> **REQUIRED WORK**:
Somewhere below, one line contains "Russian Undead gunner" and a later line contains "Stephanie Ramos on". Output those two lines and everything between them exactly, and nothing else.

> **DATA FOR THIS TASK**:
.....

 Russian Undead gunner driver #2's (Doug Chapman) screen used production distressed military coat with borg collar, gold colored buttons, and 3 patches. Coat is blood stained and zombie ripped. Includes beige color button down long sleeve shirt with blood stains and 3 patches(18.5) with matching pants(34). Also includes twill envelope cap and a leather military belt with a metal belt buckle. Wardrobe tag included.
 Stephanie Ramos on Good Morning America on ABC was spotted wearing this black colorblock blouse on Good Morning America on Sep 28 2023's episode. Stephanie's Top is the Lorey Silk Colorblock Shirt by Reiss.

.....

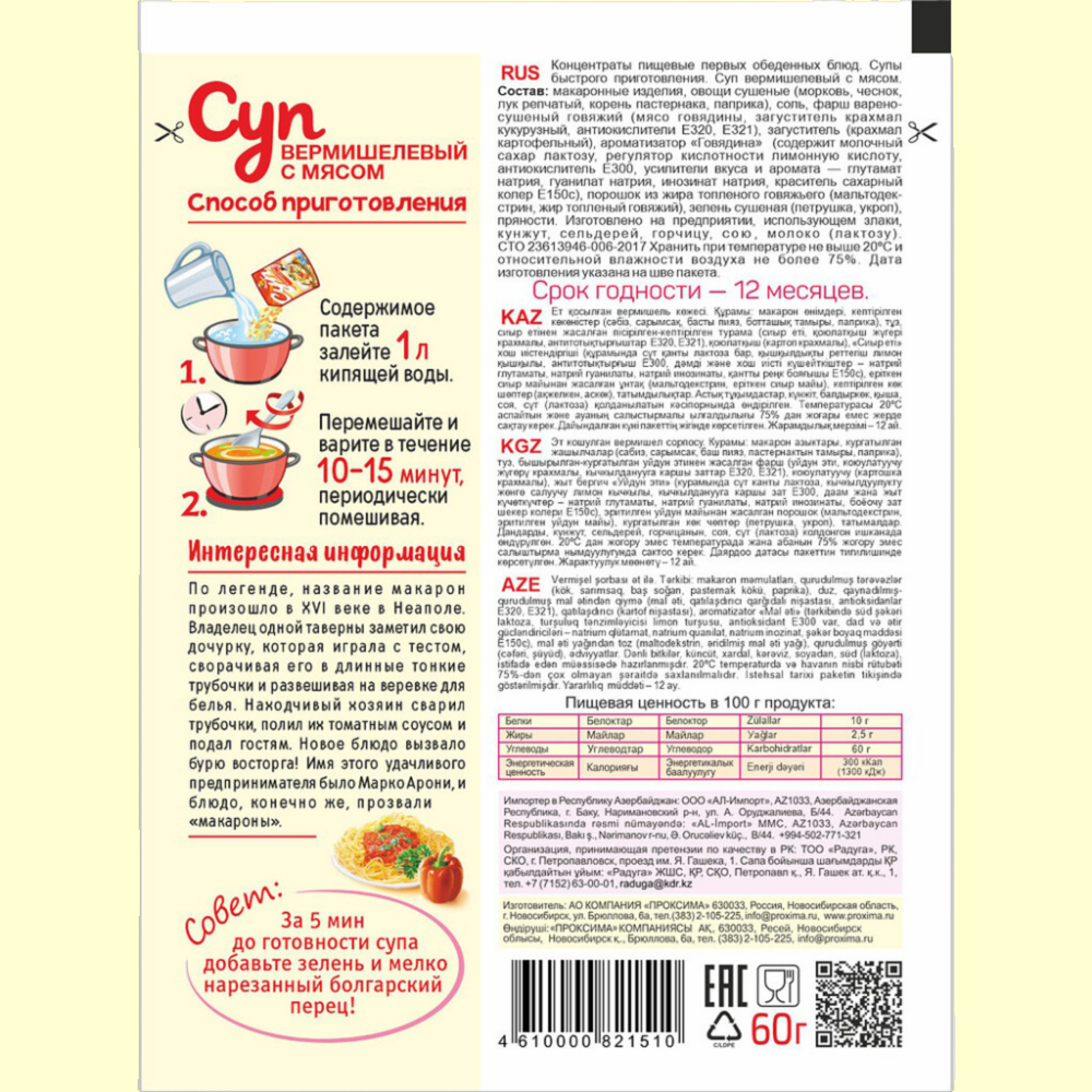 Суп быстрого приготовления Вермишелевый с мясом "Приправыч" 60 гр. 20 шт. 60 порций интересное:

.....

> **TASK SOLUTION**:
 Russian Undead gunner driver #2's (Doug Chapman) screen used production distressed military coat with borg collar, gold colored buttons, and 3 patches. Coat is blood stained and zombie ripped. Includes beige color button down long sleeve shirt with blood stains and 3 patches(18.5) with matching pants(34). Also includes twill envelope cap and a leather military belt with a metal belt buckle. Wardrobe tag included.
 Stephanie Ramos on Good Morning America on ABC was spotted wearing this black colorblock blouse on Good Morning America on Sep 28 2023's episode. Stephanie's Top is the Lorey Silk Colorblock Shirt by Reiss.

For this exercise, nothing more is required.